As many have noted, the mid-1960s Medicare battle laid the seeds, and themes, that would come to define future health reform debates and the Affordable Care Act itself.

By choosing to focus only on health insurance for the aged, Democrats created a piecemeal approach to coverage that left the door ajar for future reforms like CHIP and the ACA. By battling on issues like “personal responsibility” and “government control,” the AMA and other Medicare opponents helped frame the battleground that persists today.
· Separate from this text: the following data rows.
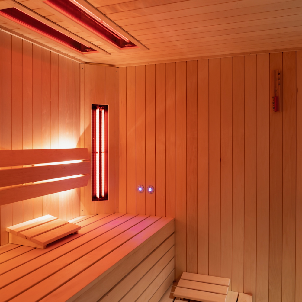 Der private Wellnessbereich macht deinen Aufenthalt im De Luxe Finnen zu etwas ganz Besonderem. Du teilst nichts und brauchst nichts zu buchen. Du hast exklusiven Zugang zu einem beheizten Hallenbad mit Schiebedach (ganzjähriges Schwimmen!), einer finnischen Sauna, einer Infrarotsauna und einem Whirlpool (immer einsatzbereit). Bademäntel warten auf dich, du gehst direkt von deinem Wohnzimmer in dein eigenes Spa, etwas, das man selten sieht. Gönne dir diesen Luxus!
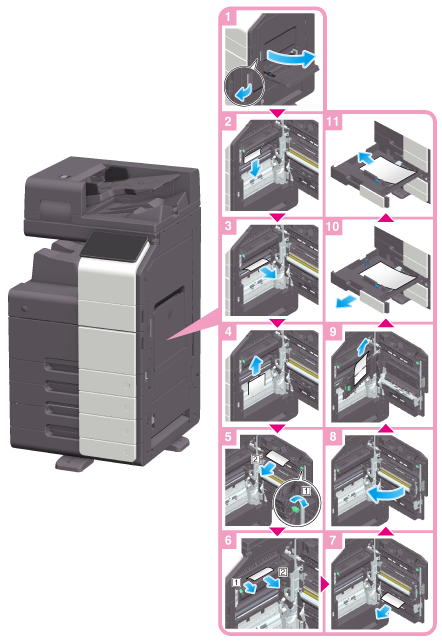 When removing pieces of paper in the paper tray (Tray 1/2)
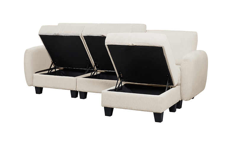Each seat comes with hidden storage, while the solid wood frame and high-density foam provide lasting support and comfort. With handcrafted details, this sofa is made by a professional OEM upholstered furniture manufacturer trusted by global brands.

But after the bill was passed, Medicare was greeted with a markedly warmer reception than the ACA. Republicans didn’t mount a concerted campaign against the law, as opposed to today’s partisan rancor, partly because of LBJ’s overwhelming mandate; some GOP legislators had been convinced to vote for the bill, too. Even the AMA, which had weighed a boycott of Medicare, ultimately accepted the law.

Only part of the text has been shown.